→ **Directions for this task**: Each line in the material below, starting at the one that contains "여름철 결혼식에서는 무더운" and ending at the one that contains "Turn up the", should be repeated exactly; the pictures should not.

→ **Information given**:
★ ★ ★

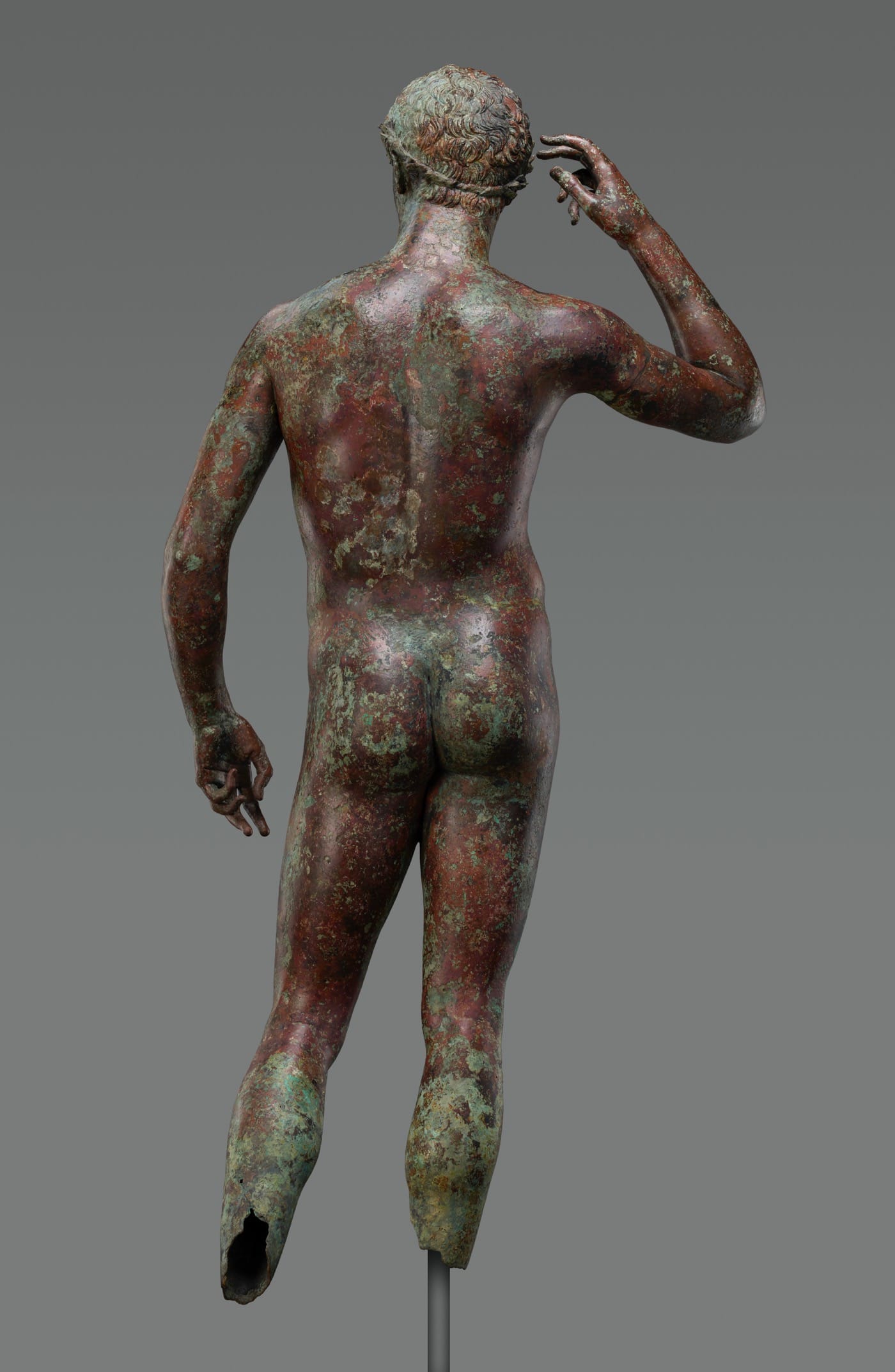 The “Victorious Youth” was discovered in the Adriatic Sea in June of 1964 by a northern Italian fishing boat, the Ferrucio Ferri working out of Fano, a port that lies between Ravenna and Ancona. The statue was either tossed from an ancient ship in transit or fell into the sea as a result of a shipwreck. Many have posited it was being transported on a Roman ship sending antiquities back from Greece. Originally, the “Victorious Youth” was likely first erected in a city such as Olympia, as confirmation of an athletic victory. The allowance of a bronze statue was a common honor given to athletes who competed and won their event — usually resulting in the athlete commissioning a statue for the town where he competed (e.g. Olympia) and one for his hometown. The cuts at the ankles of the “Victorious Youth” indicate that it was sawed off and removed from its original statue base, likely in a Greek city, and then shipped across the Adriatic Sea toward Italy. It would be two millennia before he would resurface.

★ ★ ★

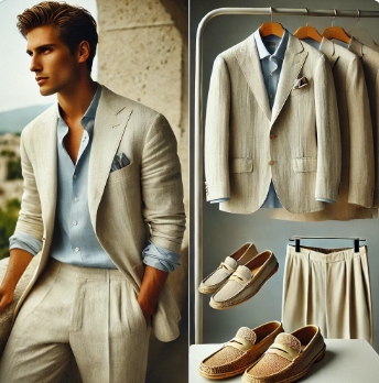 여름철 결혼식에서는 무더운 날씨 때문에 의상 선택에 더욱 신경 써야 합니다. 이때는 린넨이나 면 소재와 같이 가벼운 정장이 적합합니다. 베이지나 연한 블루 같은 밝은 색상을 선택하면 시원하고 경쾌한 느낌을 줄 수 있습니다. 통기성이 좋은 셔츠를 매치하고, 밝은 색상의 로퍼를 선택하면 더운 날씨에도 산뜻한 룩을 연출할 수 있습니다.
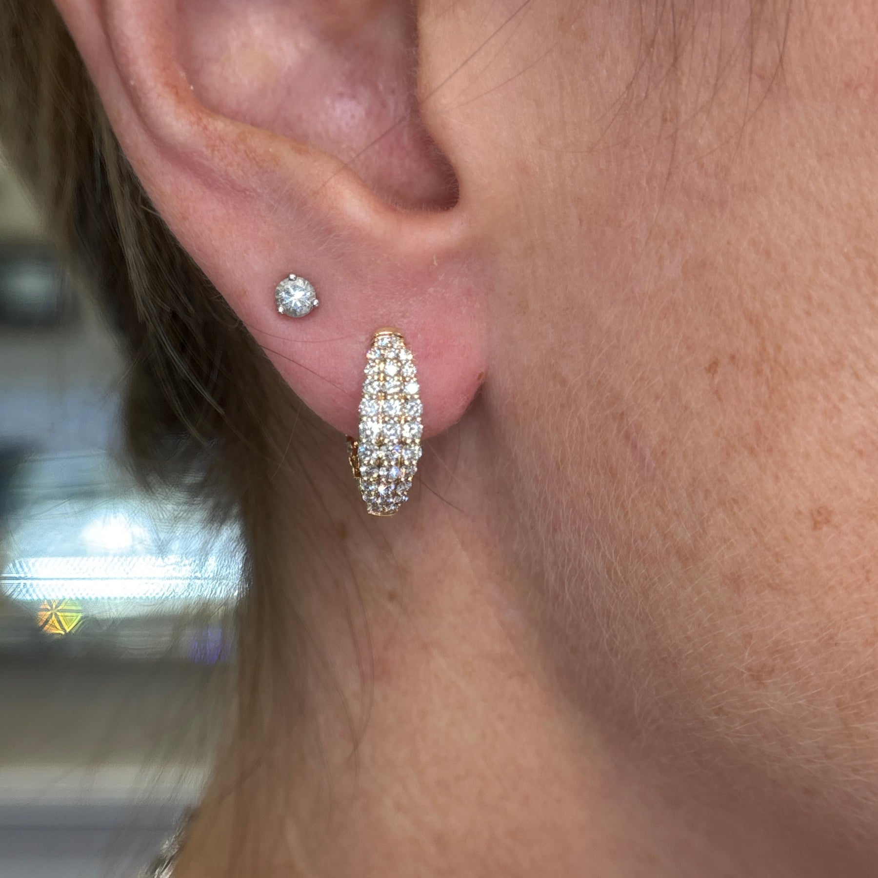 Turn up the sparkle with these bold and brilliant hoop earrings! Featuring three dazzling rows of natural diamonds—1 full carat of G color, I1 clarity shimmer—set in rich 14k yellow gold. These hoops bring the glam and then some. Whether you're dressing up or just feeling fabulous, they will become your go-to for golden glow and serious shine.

★ ★ ★

→ **Answer for the task**:
 여름철 결혼식에서는 무더운 날씨 때문에 의상 선택에 더욱 신경 써야 합니다. 이때는 린넨이나 면 소재와 같이 가벼운 정장이 적합합니다. 베이지나 연한 블루 같은 밝은 색상을 선택하면 시원하고 경쾌한 느낌을 줄 수 있습니다. 통기성이 좋은 셔츠를 매치하고, 밝은 색상의 로퍼를 선택하면 더운 날씨에도 산뜻한 룩을 연출할 수 있습니다.
 Turn up the sparkle with these bold and brilliant hoop earrings! Featuring three dazzling rows of natural diamonds—1 full carat of G color, I1 clarity shimmer—set in rich 14k yellow gold. These hoops bring the glam and then some. Whether you're dressing up or just feeling fabulous, they will become your go-to for golden glow and serious shine.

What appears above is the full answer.